In estrema sintesi, secondo i giudici di legittimità, risultano assoggettabili a tassazione le somme percepite dal lavoratore dipendente, a titolo di risarcimento del danno, nel caso in cui siano finalizzate a reintegrare un danno derivante dalla mancata percezione di redditi (c.d. lucro cessante), mentre non sono assoggettabili a imposta quelle somme volte a riparare un pregiudizio di diversa natura (c.d. danno emergente).
Prassi
Ministero del Lavoro: Riders - Trasmissione delle Comunicazioni Obbligatorie
Con riferimento alla scadenza prevista per la trasmissione telematica delle comunicazioni obbligatorie dovute dai committenti in caso di lavoro autonomo intermediato da piattaforme digitali fissata entro il 20° giorno del mese successivo all’instaurazione del rapporto di lavoro, come da Decreto del Ministero del Lavoro e delle Politiche Sociali del 23 febbraio 2022, n. 31, il Ministero del Lavoro e delle Politiche Sociali comunica che, solo in fase di prima applicazione, la scadenza prevista al 20 maggio è prorogata al 3 giugno, al fine di consentire la massima conoscenza del modello di comunicazione. Per il mese di giugno, la scadenza rimane fissata al giorno 20.

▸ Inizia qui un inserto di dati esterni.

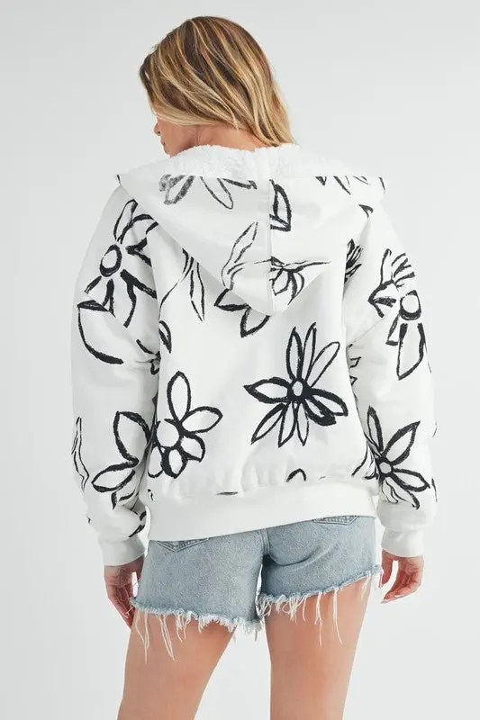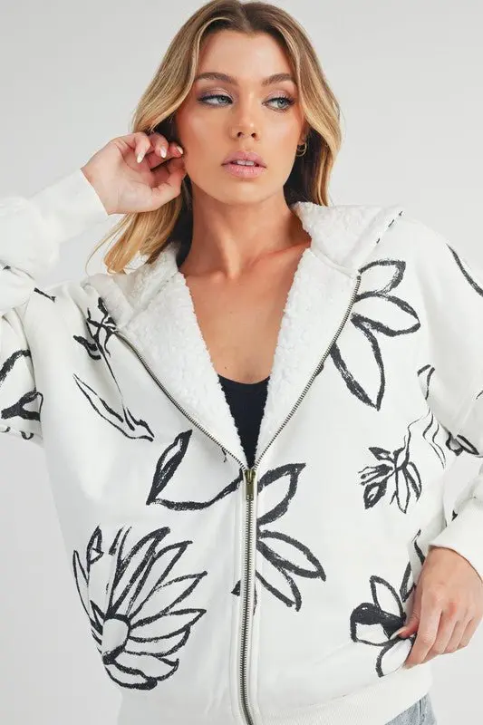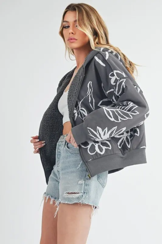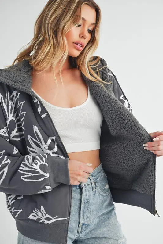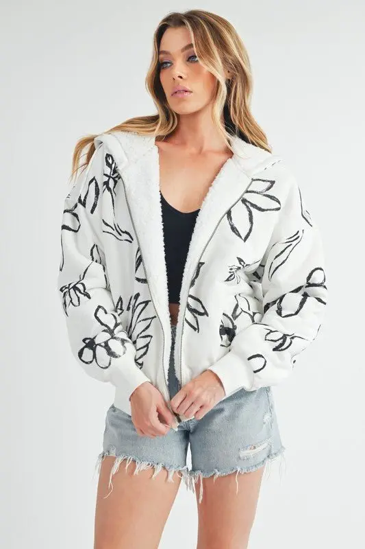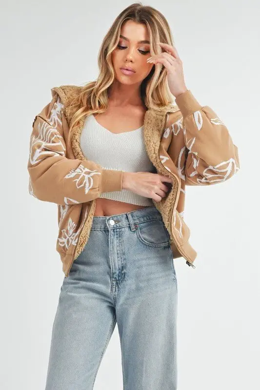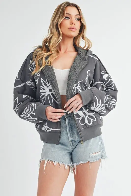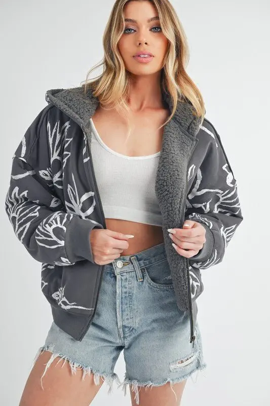 Stay cozy and stylish in the Oita jacket, featuring a bomber silhouette, sherpa lining, front-zip closure, and an oversized fit. Made from soft fabric with printed details, it includes a hood, ribbed bands and cuffs, hand pockets, and dropped shoulders. Elevate your outerwear collection with this standout piece that combines comfort and contemporary design.

Ministero del Lavoro: Modalità per la redazione del rapporto biennale sulla situazione del personale
E’ stato pubblicato il Decreto Interministeriale del 29 marzo 2022 (emanato dal Ministero del Lavoro e delle Politiche Sociali, di concerto con il Ministero per le Pari Opportunità e la Famiglia) concernente la definizione delle modalità per la redazione del rapporto biennale sulla situazione del personale maschile e femminile da parte delle aziende pubbliche e private con più di 50 dipendenti.
Garante della Privacy: Newsletter dell’11 maggio 2022 n. 488 - Massima riservatezza per chi presenta segnalazioni di condotte illecite.
All’esito di alcune attività ispettive a opera del Garante per la Protezione dei Dati Personali sulle modalità di trattamento dei dati acquisiti tramite i sistemi di whistleblowing erano emerse diverse violazioni del GDPR da parte di una struttura sanitaria.
L’accesso all’applicazione web di whistleblowing della struttura sanitaria, infatti, era basata su un software open source e avveniva attraverso sistemi che, non essendo stati correttamente configurati, registravano e conservano i dati di navigazione degli utenti, tanto da consentire l’identificazione di chi la utilizzava, tra cui i potenziali segnalanti.
Nel caso di specie la struttura sanitaria non aveva, inoltre, effettuato una valutazione di impatto privacy e non aveva neppure inserito tali operazioni nel registro delle attività di trattamento, strumento utile per valutare i rischi per i diritti e le libertà degli interessati.
Il Garante, dunque, all’esito di istruttoria, ha comminato sia alla struttura sanitaria sia alla società informatica una sanzione di 40.000 Euro, ritenendo necessario ribadire la necessità che PA e imprese prestino la massima attenzione nell’impostazione e gestione dei sistemi di whistleblowing, garantendo la massima riservatezza dei dipendenti e delle altre persone che presentano segnalazioni di condotte illecite.